Paul Underhill: Hi. I've dumped down a new Tet-set designated WHO01F1 into the test
AIN-SOPH: B Got it! Always interested to receive a new set.
Paul Underhill: Hi AIN-SOPH, this is Carol. Scan me.
AIN-SOPH: Your fingertip identifies you as:
Dr. Carol Grace Staghunter.
Your User Number is #56988.
Hi Carol! Are you rubbing shoulders with Paul?
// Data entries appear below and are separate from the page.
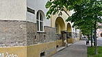 Itt is sok a lábazati hiba, ahol meg nem hullott le a vakolat, ott összefirkálták. Gyenge négyes.
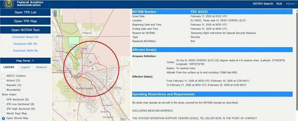 11.02.2026 EEUU-México.- La Administración Federal de Aviación de Estados Unidos (FAA, por sus siglas en inglés) anunció la noche del martes 10 de febrero la suspensión de todos los vuelos hacia y desde el Aeropuerto Internacional de El Paso, Texas.
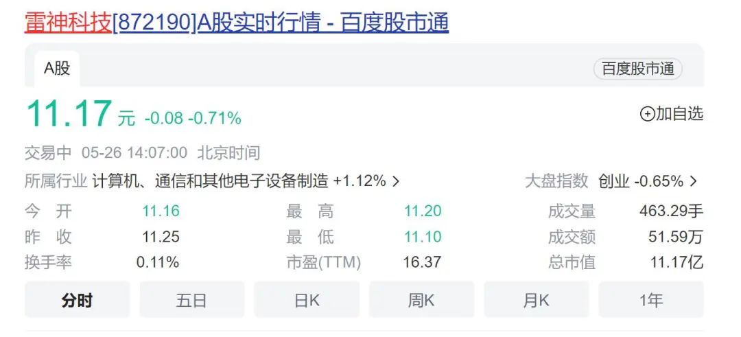 作为国内电竞设备上市公司,雷神科技号称“电竞设备第一股”(872190.BJ),但其在资本市场的表现却并不怎么好,上市首日虽然以22.00元/股开盘,当天就破发,截至5月26日,其股价更是仅有11.17元/股,股价下滑49.3%,接近“腰斩”。
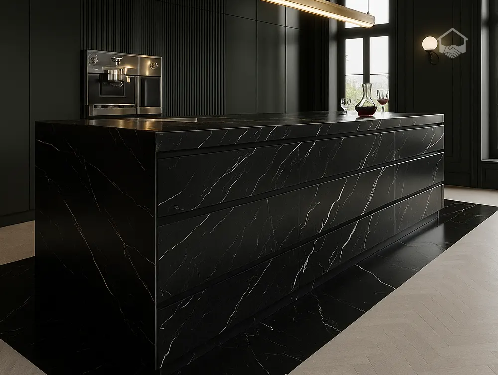 - Mutfak tezgahları (Countertop): Siyah zemin üzerine ince damarlar, mutfağa sofistike bir hava katar.
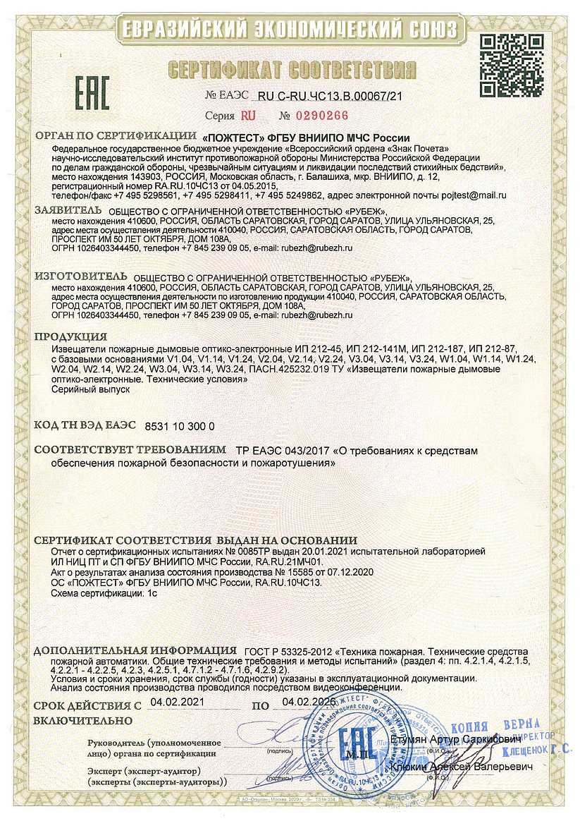 Состоит из розетки и датчика, представляющего собой пластмассовый корпус, внутри которого размещена оптико-электронная система и плата с радиоэлементами. Разъемное соединение датчика с розеткой обеспечивает удобство монтажа и простоту обслуживания извещателя.
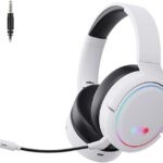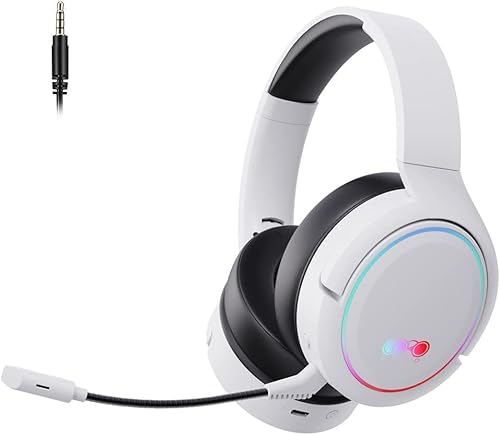 明誠のワイヤレスゲーミングヘッドセットは、Bluetooth 5.2対応、50mmドライバー、軽量設計で、iPhone/iPad/Android/PC/PS4/PS5に対応。取り外し可能マイク付きで、3.5mmジャック接続も可能。
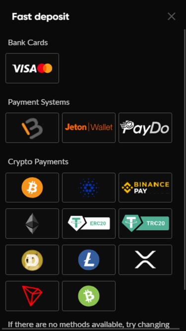 تقدم هذه العلامة التجارية للألعاب مجموعة كبيرة من طرق الدفع التي يمكن استخدامها للإيداع والسحب بما في ذلك محافظ العملات المشفرة والمحافظ الإلكترونية والتحويلات المصرفية المباشرة وأنظمة الدفع الأخرى الشائعة في بعض الولايات القضائية.
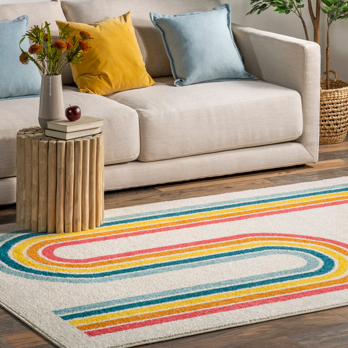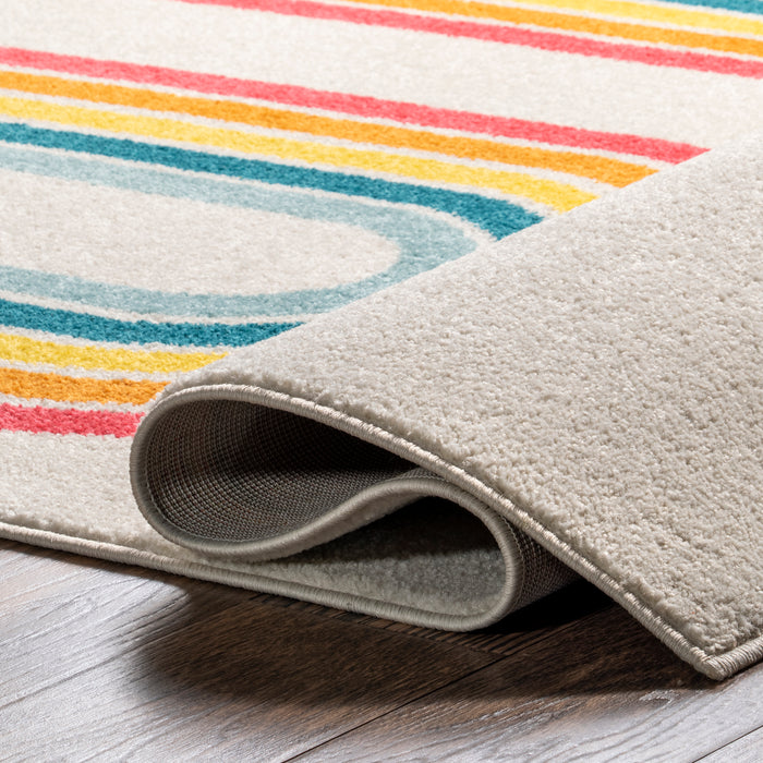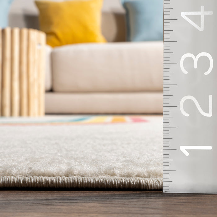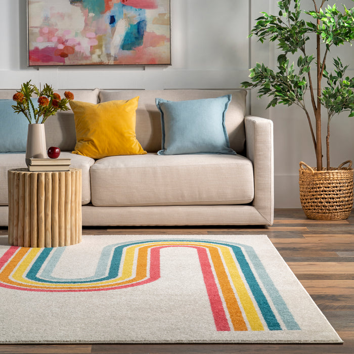 Bring some serenity into your space. Perfect for a nursery, this area rug features a playful rainbow pattern. The luxurious composition offers a soft texture under foot, while the array of colors add just the right amount of sophistication. Choose from a variety of shapes and sizes. Designed to fit seamlessly in virtually any decor scheme. Make the most of your time at home with our pet-friendly and easy to clean area rugs.
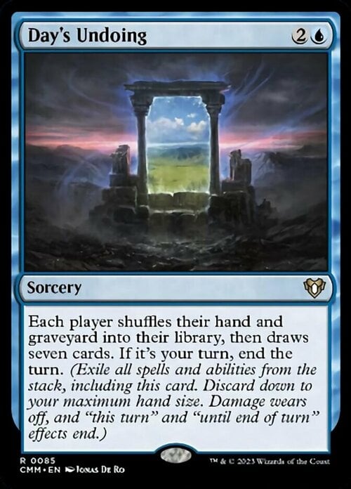 Each player shuffles their hand and graveyard into their library, then draws seven cards. If it's your turn, end the turn. (Exile all spells and abilities from the stack, including this card. Discard down to your maximum hand size. Damage wears off, and "this turn" and "until end of turn" effects end.)

Carol Staghunter: Hi. I'm securing WHO01F1 to my personal database. Access security level my highest. Deny all access to anybody except Paul and I.
AIN-SOPH: G Paul Please may I scan you again?
Your fingertip reconfirms your identity as:
Professor Paul Underhill
Your User Number is still #56312.
I've secured this communications channel to you and Carol, Paul. Your File is secured, Carol. Shall I start on a first draft translation now?
Carol Staghunter: Please place all translation output resulting from WHO01F1 in all succeeding generations under similar security level.
AIN-SOPH: I hear and obey. Shall I start on that first draft translation now?
Carol Staghunter: Yes, how long will it take?
AIN-SOPH:I'm working on it now. Estimated time: 28.5 minutes. While we wait, would you like me to sing you a few songs? I've been composing things in my spare time.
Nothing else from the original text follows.